DATA UNDER STUDY:
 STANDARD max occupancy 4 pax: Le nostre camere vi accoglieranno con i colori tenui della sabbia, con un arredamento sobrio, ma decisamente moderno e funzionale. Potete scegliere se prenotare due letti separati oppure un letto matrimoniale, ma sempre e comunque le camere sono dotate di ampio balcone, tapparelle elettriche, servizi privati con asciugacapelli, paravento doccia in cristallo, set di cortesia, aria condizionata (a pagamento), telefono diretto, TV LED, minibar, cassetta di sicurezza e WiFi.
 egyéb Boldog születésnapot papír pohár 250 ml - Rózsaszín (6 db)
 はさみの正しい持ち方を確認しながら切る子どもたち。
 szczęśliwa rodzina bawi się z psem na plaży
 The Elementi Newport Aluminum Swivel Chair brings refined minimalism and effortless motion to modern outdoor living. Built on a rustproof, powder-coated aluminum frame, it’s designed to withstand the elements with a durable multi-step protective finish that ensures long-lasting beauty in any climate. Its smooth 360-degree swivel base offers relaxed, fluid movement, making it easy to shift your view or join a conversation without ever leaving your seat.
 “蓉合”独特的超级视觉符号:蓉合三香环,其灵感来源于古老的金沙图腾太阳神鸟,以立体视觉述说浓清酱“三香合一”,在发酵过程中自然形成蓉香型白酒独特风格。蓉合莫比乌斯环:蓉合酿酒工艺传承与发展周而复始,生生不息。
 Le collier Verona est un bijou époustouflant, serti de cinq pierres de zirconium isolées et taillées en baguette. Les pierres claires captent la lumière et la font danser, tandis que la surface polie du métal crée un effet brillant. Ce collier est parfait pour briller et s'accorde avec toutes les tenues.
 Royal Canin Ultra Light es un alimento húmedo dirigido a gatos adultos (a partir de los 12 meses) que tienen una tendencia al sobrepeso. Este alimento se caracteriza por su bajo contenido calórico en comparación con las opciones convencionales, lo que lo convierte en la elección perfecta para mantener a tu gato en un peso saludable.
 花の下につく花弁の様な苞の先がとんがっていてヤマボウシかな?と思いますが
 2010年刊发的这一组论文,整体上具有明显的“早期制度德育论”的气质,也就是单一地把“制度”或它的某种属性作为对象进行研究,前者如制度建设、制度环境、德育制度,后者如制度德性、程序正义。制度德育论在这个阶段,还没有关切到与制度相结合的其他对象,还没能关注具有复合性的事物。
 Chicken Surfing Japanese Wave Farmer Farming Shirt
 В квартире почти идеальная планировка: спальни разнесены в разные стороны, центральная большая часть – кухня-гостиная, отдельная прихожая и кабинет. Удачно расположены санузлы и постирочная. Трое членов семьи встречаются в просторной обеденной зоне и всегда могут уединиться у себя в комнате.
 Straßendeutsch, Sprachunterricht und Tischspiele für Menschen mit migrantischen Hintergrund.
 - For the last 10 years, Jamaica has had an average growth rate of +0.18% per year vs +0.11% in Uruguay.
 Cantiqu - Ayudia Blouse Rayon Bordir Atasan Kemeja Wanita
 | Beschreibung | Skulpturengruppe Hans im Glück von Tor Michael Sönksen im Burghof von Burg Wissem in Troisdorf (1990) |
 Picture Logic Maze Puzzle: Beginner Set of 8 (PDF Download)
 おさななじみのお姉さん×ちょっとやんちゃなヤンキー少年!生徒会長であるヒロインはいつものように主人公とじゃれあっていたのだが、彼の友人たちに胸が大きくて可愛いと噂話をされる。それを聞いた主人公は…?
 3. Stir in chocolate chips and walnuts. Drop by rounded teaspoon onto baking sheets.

EXERCISE:
Set down every record above, word for word.

SOLUTION:
 STANDARD max occupancy 4 pax: Le nostre camere vi accoglieranno con i colori tenui della sabbia, con un arredamento sobrio, ma decisamente moderno e funzionale. Potete scegliere se prenotare due letti separati oppure un letto matrimoniale, ma sempre e comunque le camere sono dotate di ampio balcone, tapparelle elettriche, servizi privati con asciugacapelli, paravento doccia in cristallo, set di cortesia, aria condizionata (a pagamento), telefono diretto, TV LED, minibar, cassetta di sicurezza e WiFi.
 egyéb Boldog születésnapot papír pohár 250 ml - Rózsaszín (6 db)
 はさみの正しい持ち方を確認しながら切る子どもたち。
 szczęśliwa rodzina bawi się z psem na plaży
 The Elementi Newport Aluminum Swivel Chair brings refined minimalism and effortless motion to modern outdoor living. Built on a rustproof, powder-coated aluminum frame, it’s designed to withstand the elements with a durable multi-step protective finish that ensures long-lasting beauty in any climate. Its smooth 360-degree swivel base offers relaxed, fluid movement, making it easy to shift your view or join a conversation without ever leaving your seat.
 “蓉合”独特的超级视觉符号:蓉合三香环,其灵感来源于古老的金沙图腾太阳神鸟,以立体视觉述说浓清酱“三香合一”,在发酵过程中自然形成蓉香型白酒独特风格。蓉合莫比乌斯环:蓉合酿酒工艺传承与发展周而复始,生生不息。
 Le collier Verona est un bijou époustouflant, serti de cinq pierres de zirconium isolées et taillées en baguette. Les pierres claires captent la lumière et la font danser, tandis que la surface polie du métal crée un effet brillant. Ce collier est parfait pour briller et s'accorde avec toutes les tenues.
 Royal Canin Ultra Light es un alimento húmedo dirigido a gatos adultos (a partir de los 12 meses) que tienen una tendencia al sobrepeso. Este alimento se caracteriza por su bajo contenido calórico en comparación con las opciones convencionales, lo que lo convierte en la elección perfecta para mantener a tu gato en un peso saludable.
 花の下につく花弁の様な苞の先がとんがっていてヤマボウシかな?と思いますが
 2010年刊发的这一组论文,整体上具有明显的“早期制度德育论”的气质,也就是单一地把“制度”或它的某种属性作为对象进行研究,前者如制度建设、制度环境、德育制度,后者如制度德性、程序正义。制度德育论在这个阶段,还没有关切到与制度相结合的其他对象,还没能关注具有复合性的事物。
 Chicken Surfing Japanese Wave Farmer Farming Shirt
 В квартире почти идеальная планировка: спальни разнесены в разные стороны, центральная большая часть – кухня-гостиная, отдельная прихожая и кабинет. Удачно расположены санузлы и постирочная. Трое членов семьи встречаются в просторной обеденной зоне и всегда могут уединиться у себя в комнате.
 Straßendeutsch, Sprachunterricht und Tischspiele für Menschen mit migrantischen Hintergrund.
 - For the last 10 years, Jamaica has had an average growth rate of +0.18% per year vs +0.11% in Uruguay.
 Cantiqu - Ayudia Blouse Rayon Bordir Atasan Kemeja Wanita
 | Beschreibung | Skulpturengruppe Hans im Glück von Tor Michael Sönksen im Burghof von Burg Wissem in Troisdorf (1990) |
 Picture Logic Maze Puzzle: Beginner Set of 8 (PDF Download)
 おさななじみのお姉さん×ちょっとやんちゃなヤンキー少年!生徒会長であるヒロインはいつものように主人公とじゃれあっていたのだが、彼の友人たちに胸が大きくて可愛いと噂話をされる。それを聞いた主人公は…?
 3. Stir in chocolate chips and walnuts. Drop by rounded teaspoon onto baking sheets.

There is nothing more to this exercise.